TL;DR
The best stack is the one that protects your cash-to-close certainty, not the one with the most theoretical tax advantage.
Why this comparison matters
First-time buyers often ask one account question when they actually have a sequence question. The order of contributions can change your usable down payment and first-year stress level.

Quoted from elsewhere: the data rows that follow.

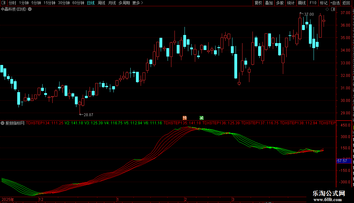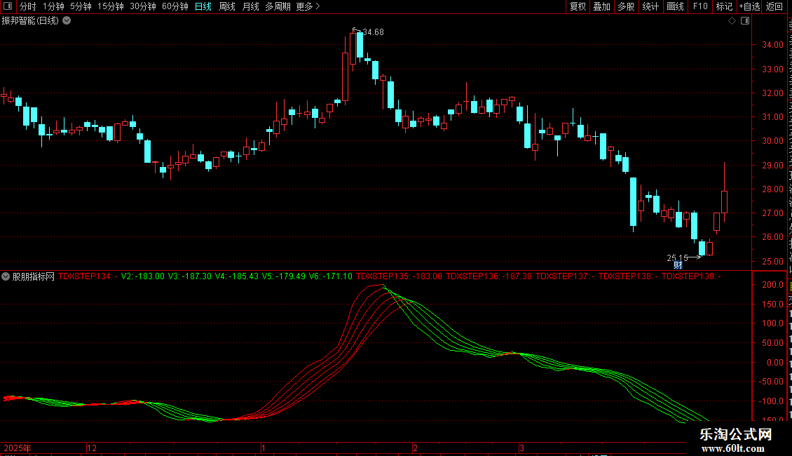 TDXSTEP136:IF(V3>=REF(V3,1),V3,DRAWNULL),COLORRED;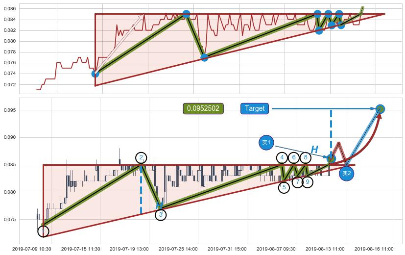 ➣ 最小中继整理涨幅→𝐇: 0.0090833 (上侧直角边第一阻力点②与斜边垂直距离)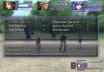 Speaking of elemental attacks, you should start using the elemental sword ethers around now. This is your typical “mystic knight” buff, and allows you to add an element to any character’s physical attacks. Given many, many monsters are specifically weak to particular elements, this can cut down battle time dramatically (and gives your physical-based heroes an excuse to use their EP pools, too). Added bonus: if a monster is weak to an element, and everyone hits that weakness, you get a damage multiplier for stacking on the pain.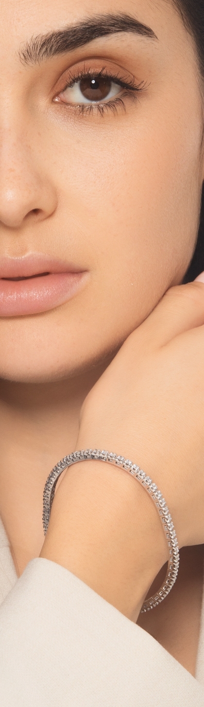 Bracelet tennis elastique en or blanc 750 avec diamants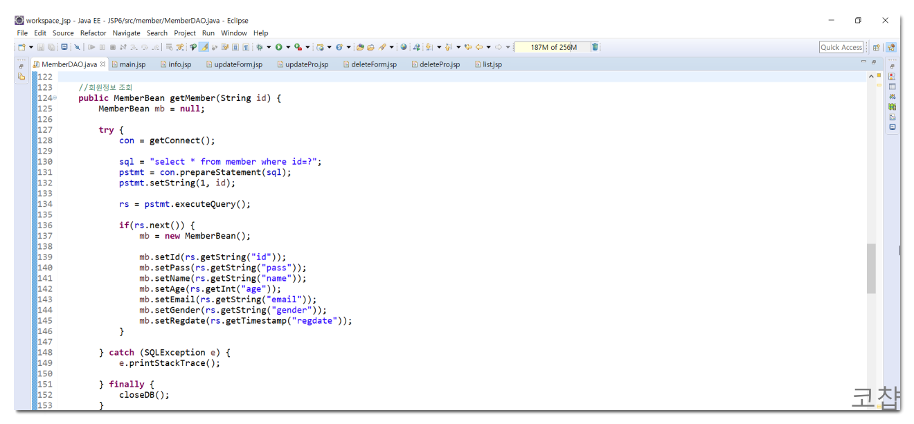 이렇게 하면 JDBC, 자바빈 객체(memberBean/memberDAO), 커넥션 풀, JNDI를 모두 사용하여 DB(MySQL)에 연결을 해본 것이다. 이것은 비즈니스 로직과 디자인을 분리하는 방법들 중 Model1 방식이다. 구현하기 쉽지만 이후 유지보수가 어려워서 잘 쓰이지 않고, 후에 배울 Model2나 MVC 패턴이 대부분의 웹상에서 쓰이고 있다.
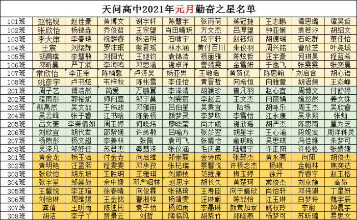 天问高中2021年元月勤奋之星名单已公布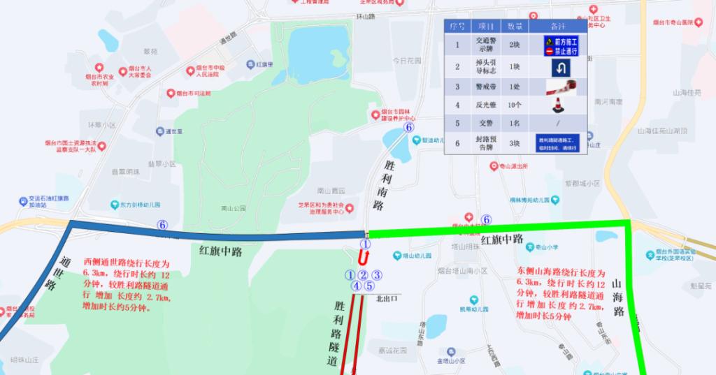 记者从施工部门了解到,因烟台市城市快速路塔山北路(黄金顶隧道西出口-山海路)建设工程上跨胜利路隧道施工完成,需对胜利路隧道内防护网进行拆除,自2025年10月9日起至2025年10月14日,每天晚上23:00—次日凌晨4:00对胜利路隧道全线封闭进行防护网拆除作业。全封闭施工时胜利路隧道双线均无法通行,过往车辆需提前绕行通世路或山海路。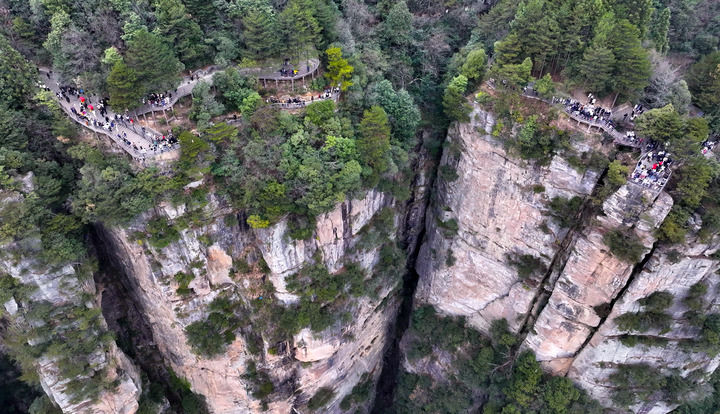 2025年2月5日,游客在张家界国家森林公园袁家界景区游玩(无人机照片)。新华社发(吴勇兵摄)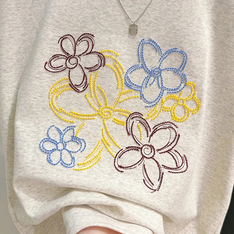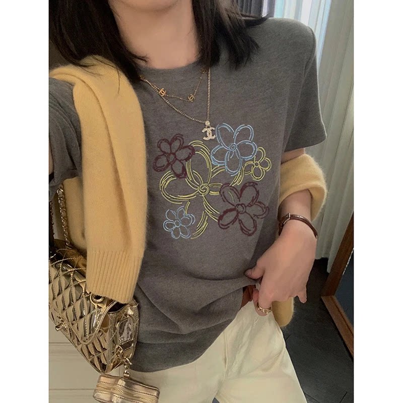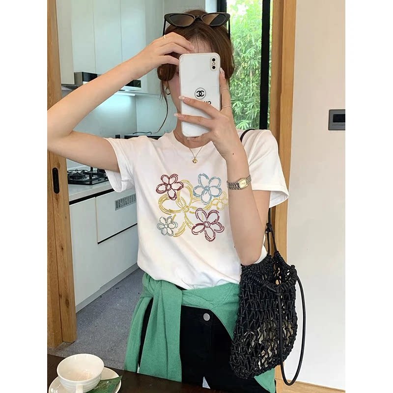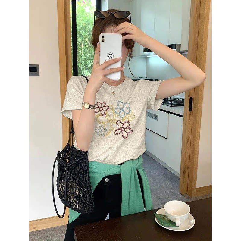 休闲宽松体恤时尚 韩版 洋气上衣潮 短袖 今年流行花朵刺绣T恤女夏季
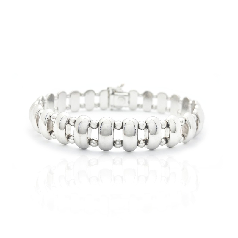 Precious Metal:14 Karat White GoldGemstone: NoneSize: 7.00 Inch*Width: 11.05 mm*Available Weight: ~10.2 grams**All weights and measurements are approximate.Please contact us if you have further questions about alternate sizes or styles, availability, speci

At-a-glance comparison for 2026 planning
| Option | Core tax profile | Repayment profile | Best use case |
|---|---|---|---|
| FHSA | Contributions generally deductible; qualifying withdrawals tax-free | No repayment for qualifying withdrawals | Base layer for eligible first-time buyers |
| RRSP + HBP | RRSP deduction now, HBP withdrawal tax-free if repaid under rules | Repayment over 15 years | Supplement when FHSA alone is insufficient |
| TFSA | No deduction, growth and withdrawals generally tax-free | No repayment | Flexibility buffer and timing uncertainty hedge |
Recommended stack sequence
- Confirm FHSA eligibility and room, then fill a planned contribution path.
- Add RRSP contributions only when HBP use is realistic and repayment is manageable.
- Keep TFSA liquidity for closing volatility, emergency reserve, and moving-year uncertainty.
One behavior trap to avoid
Anchoring bias
focusing only on the biggest deduction today and ignoring repayment and cash-flow impact during your first ownership year.